From owner-freebsd-arch@FreeBSD.ORG  Sat Jan  5 20:30:08 2008
Return-Path: <owner-freebsd-arch@FreeBSD.ORG>
Delivered-To: arch@freebsd.org
Received: from mx1.freebsd.org (mx1.freebsd.org [IPv6:2001:4f8:fff6::34])
	by hub.freebsd.org (Postfix) with ESMTP id C0CCF16A417;
	Sat,  5 Jan 2008 20:30:08 +0000 (UTC)
	(envelope-from vadim_nuclight@mail.ru)
Received: from mx34.mail.ru (mx34.mail.ru [194.67.23.200])
	by mx1.freebsd.org (Postfix) with ESMTP id 57BD513C455;
	Sat,  5 Jan 2008 20:30:08 +0000 (UTC)
	(envelope-from vadim_nuclight@mail.ru)
Received: from [78.140.2.250] (port=2959 helo=nuclight.avtf.net)
	by mx34.mail.ru with esmtp 
	id 1JBFeg-000FAk-00; Sat, 05 Jan 2008 23:30:06 +0300
Date: Sun, 06 Jan 2008 02:30:02 +0600
To: "Julian Elischer" <julian@elischer.org>
References: <4772F123.5030303@elischer.org>	<f85d6aa70712261728h331eadb8p205d350dc7fb7f4c@mail.gmail.com>	<477416CC.4090906@elischer.org>
	<opt4c0imk24fjv08@nuclight.avtf.net>
	<477D2EF3.2060909@elischer.org>
From: "Vadim Goncharov" <vadim_nuclight@mail.ru>
Organization: AVTF TPU Hostel
Content-Type: text/plain; format=flowed; delsp=yes; charset=koi8-r
MIME-Version: 1.0
Content-Transfer-Encoding: 8bit
Message-ID: <opt4g4kcis17d6mn@nuclight.avtf.net>
In-Reply-To: <477D2EF3.2060909@elischer.org>
User-Agent: Opera M2/7.54 (Win32, build 3865)
Cc: arch@freebsd.org, Ivo Vachkov <ivo.vachkov@gmail.com>,
	Robert Watson <rwatson@freebsd.org>, Qing Li <qingli@freebsd.org>,
	FreeBSD Net <freebsd-net@freebsd.org>
Subject: Re: resend: multiple routing table roadmap (format fix)
X-BeenThere: freebsd-arch@freebsd.org
X-Mailman-Version: 2.1.5
Precedence: list
List-Id: Discussion related to FreeBSD architecture <freebsd-arch.freebsd.org>
List-Unsubscribe: <http://lists.freebsd.org/mailman/listinfo/freebsd-arch>,
	<mailto:freebsd-arch-request@freebsd.org?subject=unsubscribe>
List-Archive: <http://lists.freebsd.org/pipermail/freebsd-arch>
List-Post: <mailto:freebsd-arch@freebsd.org>
List-Help: <mailto:freebsd-arch-request@freebsd.org?subject=help>
List-Subscribe: <http://lists.freebsd.org/mailman/listinfo/freebsd-arch>,
	<mailto:freebsd-arch-request@freebsd.org?subject=subscribe>
X-List-Received-Date: Sat, 05 Jan 2008 20:30:09 -0000

04.01.08 @ 00:52 Julian Elischer wrote:

>>> By the way, I might add that in the 6.x compat. version I may end up
>>> limiting the feature to 8 tables.
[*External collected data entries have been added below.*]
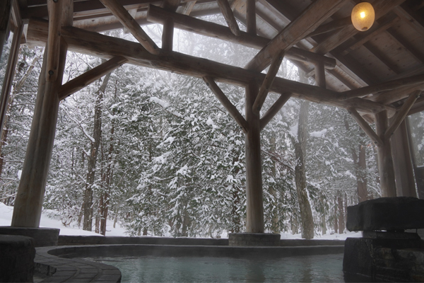 大自然との一体感に癒される森の中の温泉。雪見風呂も情緒満点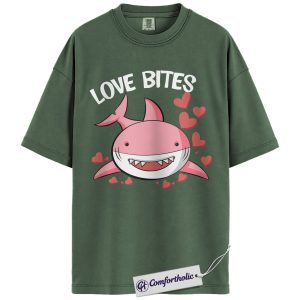 Love Bites Shark Shirt, Cute Valentine Ocean Graphic Tee, Funny Shark Lover T-Shirt, Valentine’s Day Gift for Sea Animal Lovers, Comfort Colors Shirt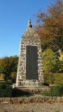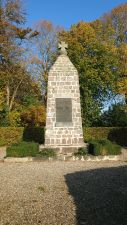 schuf Gärtner Desler, Grundhof. Das Denkmal ist ein gedrungener Obelisk, mit Kugel und Kreuz gekrönt.
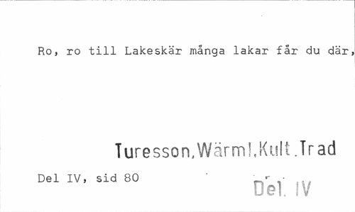//// Ro, ro till Lakeskär många lakar får du där: //// Turesson,Wärml,Kult.Trad //// Del IV, sid 80 " - <r - //// Del, IV ////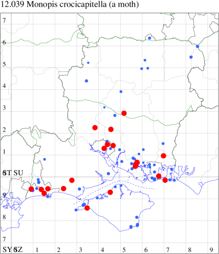 Local in barns, warehouses and granaries throughout much of southern Britain, with records north to southern Scotland. In Hampshire and on the Isle of Wight widespread and reasonably common in the south of the county. Wingspan 10-13 mm. Similar to M. crocicapitella, which see for differences. Larva feeds on woollen materials and refuse, and detritus in bird nests.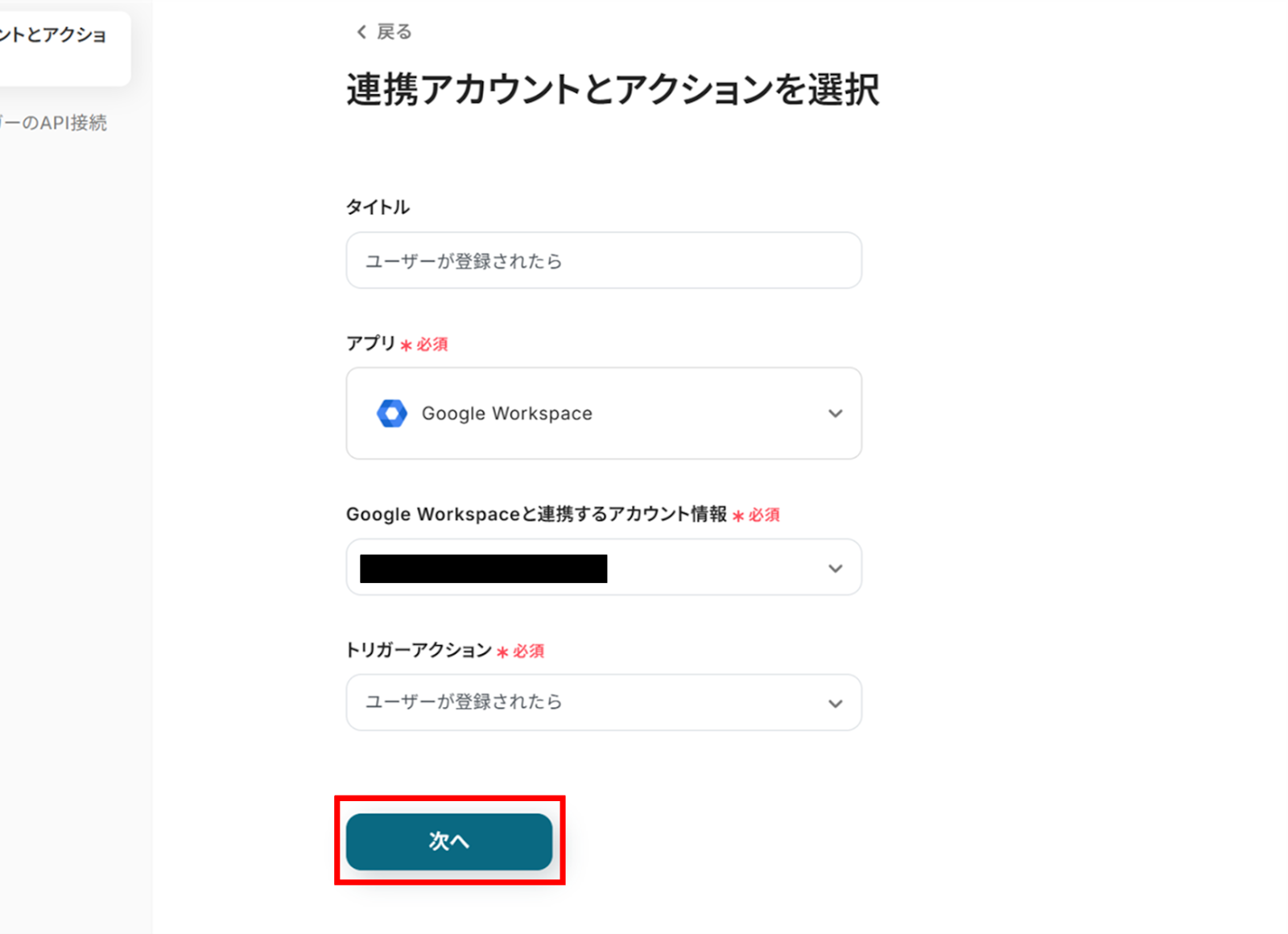 (2)「連携アカウントとアクションを選択」画面から、フローのタイトルは自由に変更することができます。 Google Workspaceと連携するアカウント情報に誤りがないかを確認し、トリガーアクションは「ユーザーが登録されたら」のままで「次へ」をクリックします。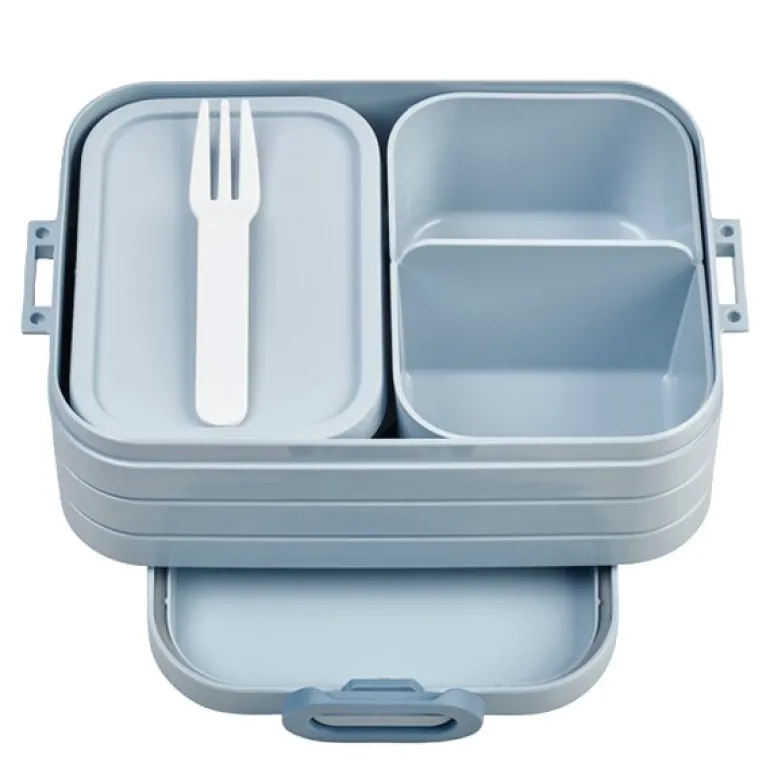 Matboksen er utstyrt med to bentobokser med lokk og en praktisk fruktgaffel, slik at maten holdes adskilt og smakene bevares. Bento, inspirert av den japanske tradisjonen, er designet for å oppbevare ulike typer mat i separate beholdere, noe som gjør den ideell for variert og balansert lunsj på farten.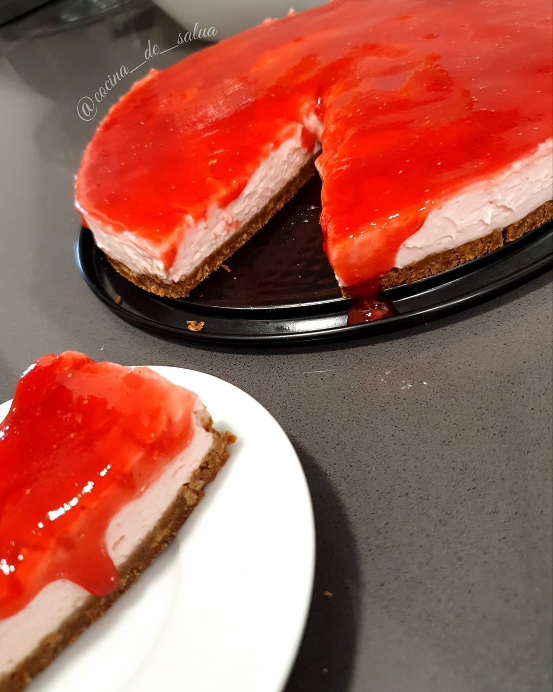 و في هاد الأثناء كنوجدو صلصة الفريز، كنحتاجو واحد 7 حبات فراولة كنطحنوهم في الخلاط مع اقل من نصف كأس ماء او نطحنو حتى نحصلو على عصير او نصفيوه في كاسرول او نضيفو عليه ملعقة صغيرة عصير ليمون + نصف كأس سكر او نشعلو نار متوسطة مع التحريك حتى يتقال بحال الكونفيتور او نطفيو عليه و نضيفوه فوق الكريمة
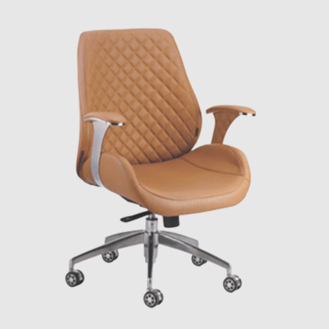 This stylish mid-back office chair is designed to deliver both comfort and contemporary elegance. Featuring a quilted backrest, the chair provides excellent support while adding a sophisticated touch to any office environment. The ergonomically shaped seat ensures comfort during extended periods of use, while the cushioned padding enhances the overall sitting experience. Equipped with a height adjustment mechanism and a sturdy swivel base with smooth-rolling casters, the chair allows easy mobility and flexibility. Its compact yet supportive design makes it perfect for both professional offices and home workspaces.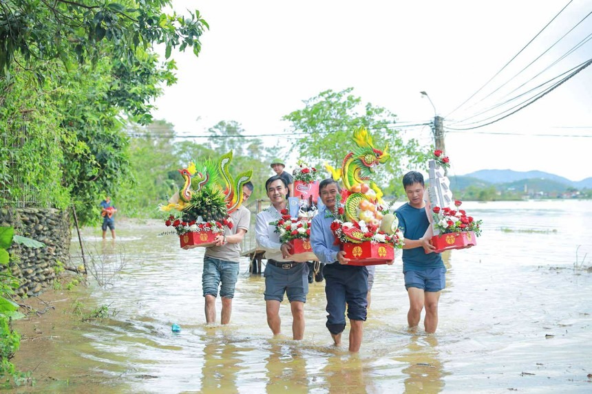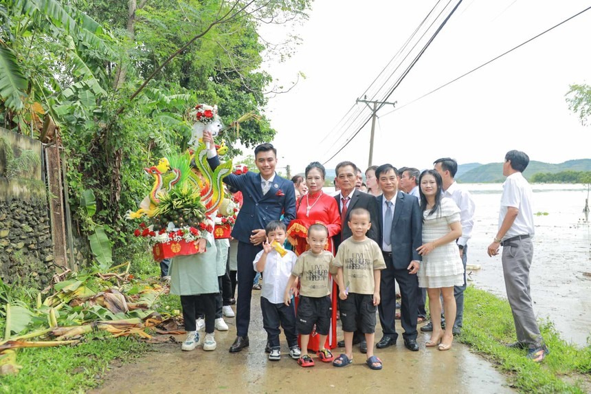 Chú rể Trung Đức chia sẻ: "Ngày vui của chúng tôi trùng vào đúng đợt mưa lũ lớn, gia đình cũng lo lắng nhiều. Nhưng vì đã định ngày, đặt cỗ từ trước, lại được bà con, anh em động viên, nên chúng tôi quyết định vẫn tổ chức. Nhìn cảnh mọi người lội nước, vẫn cười vui đến chúc mừng, thật sự tôi rất xúc động và biết ơn".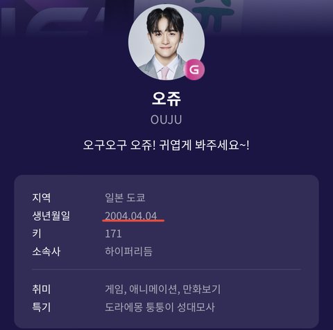 오쥬라는 연습생 생일이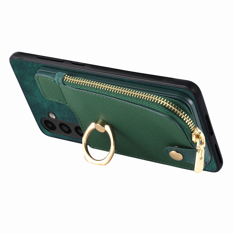 Funda para Teléfono Samsung Galaxy M33 5G Anillo Cuero Cruzado Cremallera Billetera (Verde)
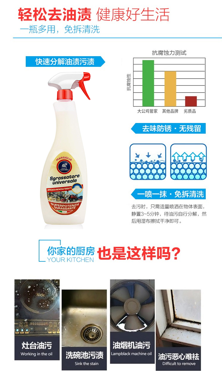 【中欧班列】意大利LUCE AZZURRO菲斯安娜多功能油污净 原装进口厨房多功能油烟机油污净 750ML/瓶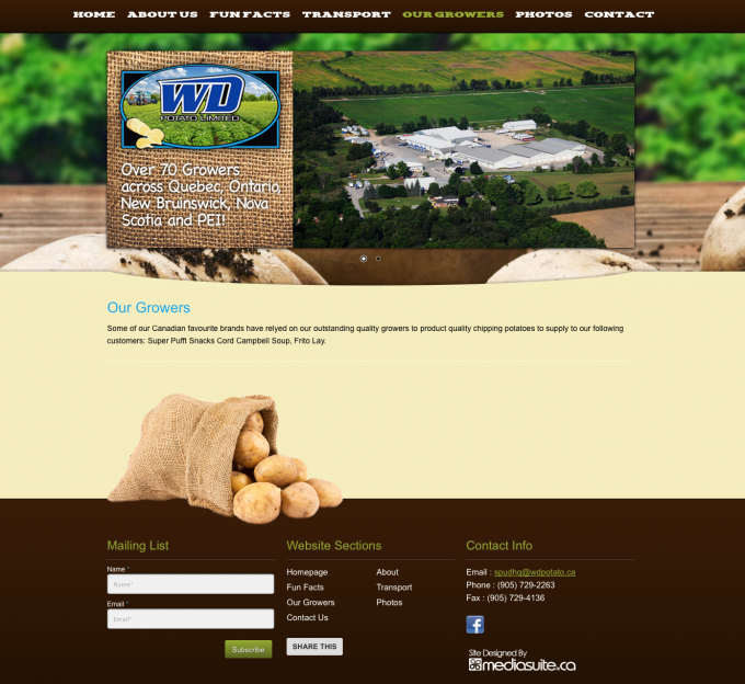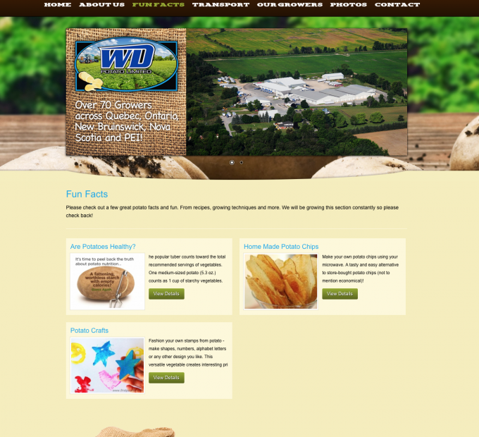 This highly graphical website was a lot of fun to build and offers a true farm feel. Lots of texture, greenscapes, and of course, a bag of potatoes on the footer. Check it out!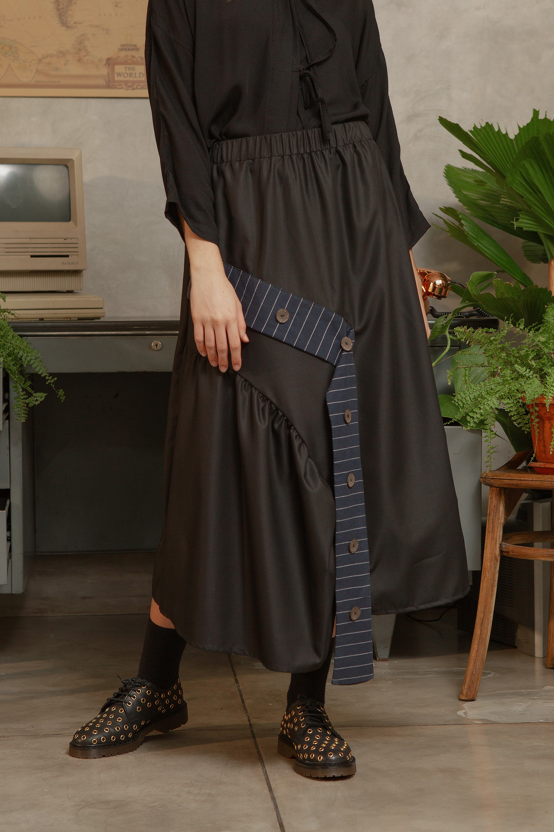 MISO SKIRT BLACK/ NAVY STRIPES* PO - 3 WORKING DAYS *Miso skirt features two side front pockets, str.....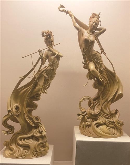 在天弘造像博物馆的序厅,展示了大型的夹苎脱胎漆艺作品,多为唐式风格,细节考究,工艺精湛。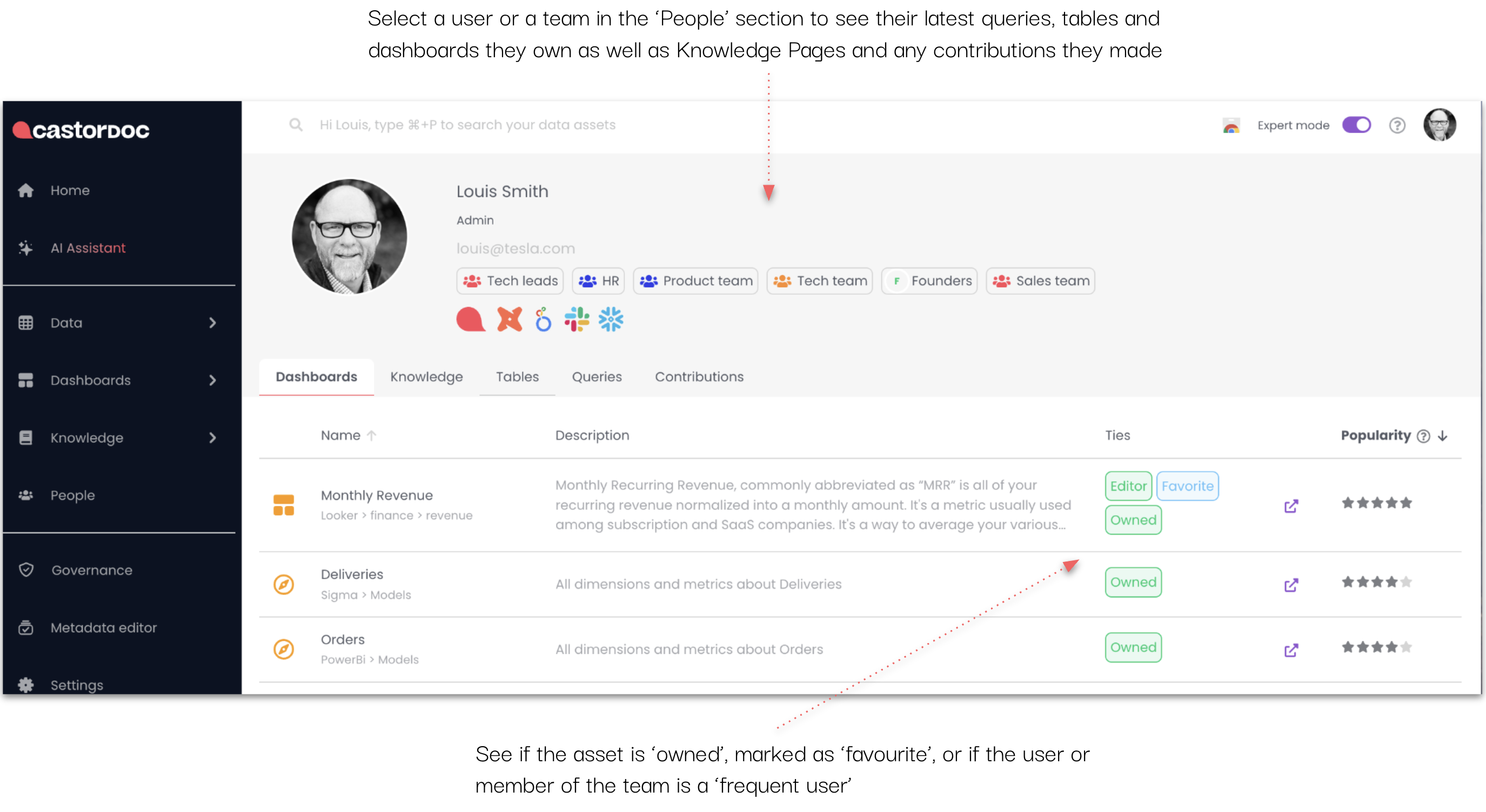 Use the people or teams page if you know who is using the asset you are looking for: see what they own, frequent queries, tables for which they are frequent users and knowledge or asset contributions.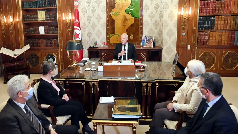 أشرف رئيس الجمهورية قيس سعيد، اليوم الاثنين 3 جانفي 2022 بقصر قرطاج، على إجتماع ضم السيدة نجلاء بودن رمضان، رئيسة الحكومة، والسيدة ليلى جفال، وزيرة العدل، والسيد عماد مميش، وزير الدفاع الوطني، والسيد توفيق شرف الدين، وزير الداخلية.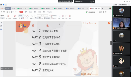 崔老师从营地的定义与类型、欧美与日韩露营市场分析入手,重点分析了疫情背景下我国的露营市场现状及产业周期。之后结合自身丰富的从业经验,分享了嗨King野奢营地的创立、发展状况、产品设计以及在线运营等一系列标准化操作程序(SOP)。最后崔老师与师生进行了互动交流,主要就行业对专业人才的素养要求、实习岗位、疫情影响下的旅游发展态势研判等方面进行了深入交流。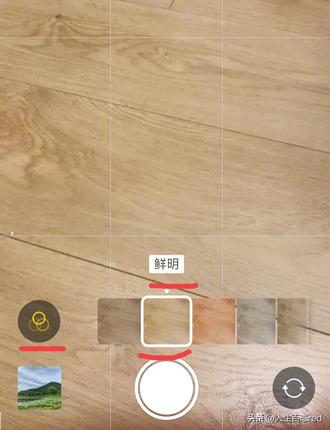 设置好之后,再打开相机,准备拍照,在拍照之前,选择好拍照里面的滤镜选项,我一般选择“鲜明”色滤镜进行拍摄,

This is because I need to store some
>>> stuff in an efficient way in the mbuf, and in a compatible manner this  
>>> is easiest done by stealing the top 4 bits in the mbuf dlags word
>>> and defining them as:
>>>
>>>   #define M_HAVEFIB    0x10000000
>>>   #define M_FIBMASK    0x07
>>>   #define M_FIBNUM    0xe0000000
>>>   #define M_FIBSHIFT    29
>>>   #define m_getfib(_m, _default) ((m->m_flags & M_HAVE_FIBNUM) ?  
>>> ((m->m_flags >> M_FIBSHIFT) & M_FIBMASK) : _default)
>>>   #M_SETFIB(_m, _fib) do { \
>>>     _m->m_flags &= ~M_FIBNUM; \
>>>     _m->m_flags |= (M_HAVEFIB|((_fib & M_FIBMASK) << M_FIBSHIFT));\
>>> } while (0)
>>>
>>> This then becomes very easy to change to use a tag or
>>> whatever is needed in later versions , and the number can
>>> be expanded past 8 predefined  FIBs at that time..
>>  If you want it to be a tag, why spent bits in m_flags and not just do  
>> it as a tag at once? Or it is supposed to completely throw away 6.x  
>> (possibly 7.x too) implementation in favor of right thing in 8.0 ?
>
> basically yes..
>
> I'm looking at just doing tags to start with, but haven't done it yet..  
> I'm looking for a good bit of tag code to copy :-)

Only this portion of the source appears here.